29 Ответ Омара на рассказ купца

Впервые я встретил Мюнстера шесть или семь лет назад, в Винлянде. Тогда он был совершенно буйным, безрассудным юнцом. Этим летом я снова столкнулся с ним в Гильдербурге. Конечно, он изменился с тех пор, но не так, как меняется большинство мужчин к зрелым годам. Теперь он стал еще более буйным и безрассудным.

Должно быть, вы слышали уже о его брате, маркграфе. Во всем Фолькслянде не найдется землевладельца богаче его. Вне всякого сомнения, вы можете назвать с дюжину его дядюшек, двоюродных братьев и сестер и так далее, занимающих видные места при дворе, в Церкви или в области финансов. О респектабельности этой семьи ходят легенды. Фамильное древо их настолько ветвисто, что напоминает скорее целый лес.

Мюни — единственная паршивая овца, вышедшая из этого благородного семейства, и уж он прикладывает все усилия к тому, чтобы стать настолько паршивой, насколько это вообще возможно. Он унаследовал благородную внешность своих предков, но на этом сходство кончается. Как правило, день его начинается ближе к полудню вином, женщинами и песнями и продолжается в том же духе. К его основным увлечениям относятся женщины, дуэли, пьянство, пьяные ссоры, шулерство, бросание тени на доброе семейное имя, мелкие пакости вроде разлитого на лестнице масла, но и другие козни, на которые склоняет нас дьявол, не прошли мимо его внимания.

При всем при этом он — один из самых обаятельных людей, которых я встречал за свою жизнь. Он щеголяет своим богатством, одевается безукоризненно и привлекает к себе взгляды всех встречных женщин. Я редко видел его без спутницы, и, как правило, он ослепительно улыбался. Не родилось еще такого коня, что он не смог бы объездить. Он может напиться до чертиков с тобой на пару и разбудить после этого на рассвете, предлагая поразмяться немного в скачке с препятствиями — свежий, буйный и неотразимый. Короче, вся жизнь его — непрерывный вызов.

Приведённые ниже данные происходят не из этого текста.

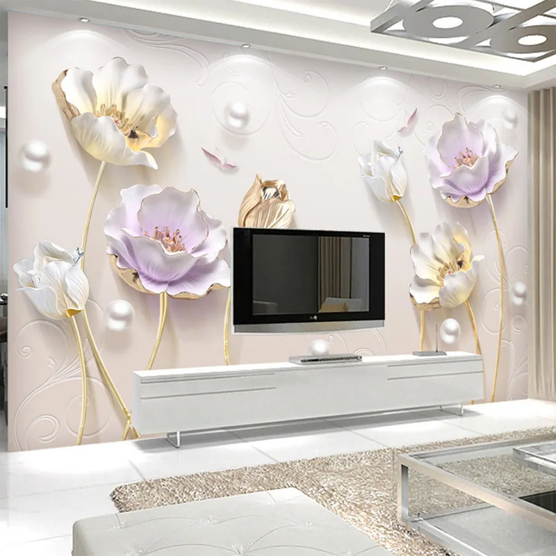 Прямая поставка пользовательские фото обои Простые Ювелирные изделия трехмерные тюльпаны обои офис диван ТВ фон 3D обои
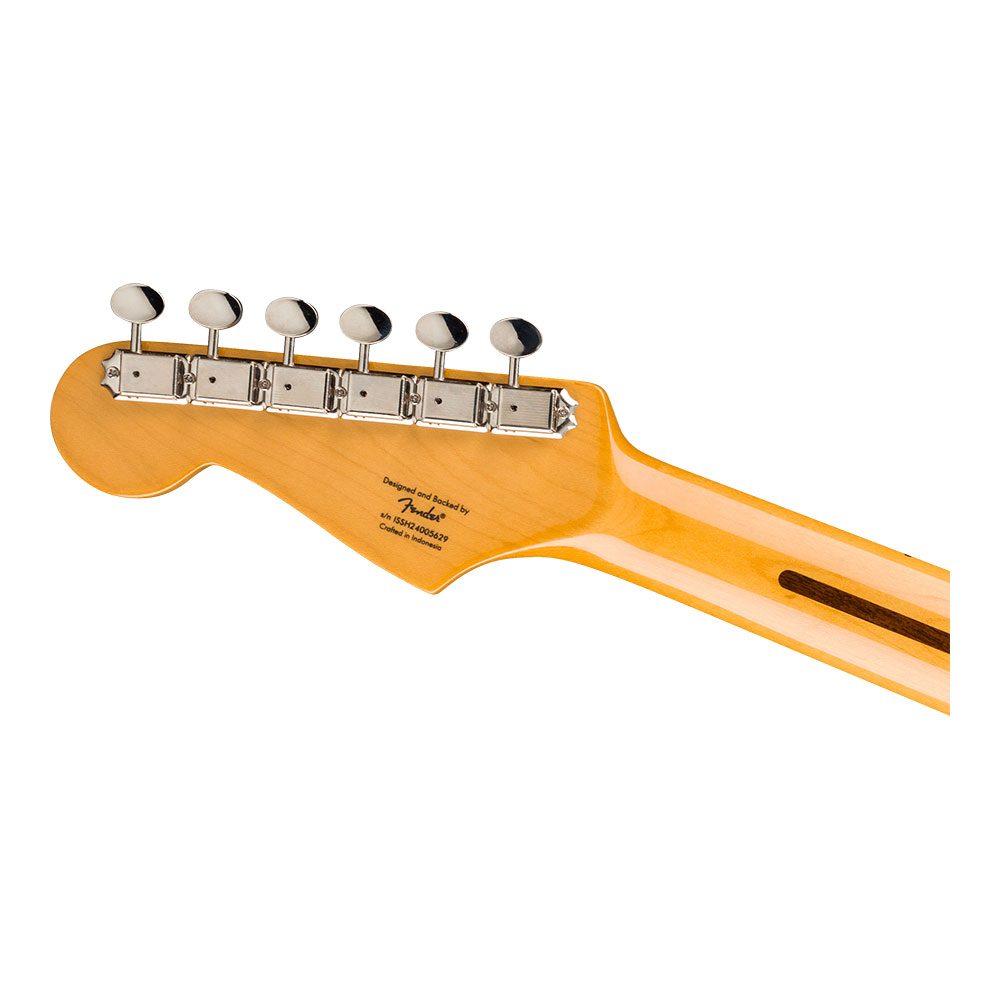 1950年代のストラトキャスター黎明期を称えるClassic Vibe ‘50s Stratocaster HTは、Fenderデザインのアルニコシングルコイルピックアップを3基搭載し、極上のトーンを生み出します。1955年に初めて導入されたハードテイルブリッジ(HT)は、安定したイントネーションを提供し、ストリングスルーボディ構造によって最適なボディレゾナンスを実現します。

Позвольте мне привести один небольшой пример. Кажется, тогда ему еще не исполнилось двадцати. Я присутствовал при этом, правда, всего лишь как зритель. Час был поздний, и все золото на столе, как обычно, постепенно сгрудилось перед Мюни. Все остальные пребывали уже в пьяном и злобном состоянии, ибо все как один были старше его и не привыкли проигрывать. Он же был по обыкновению весел и игрив.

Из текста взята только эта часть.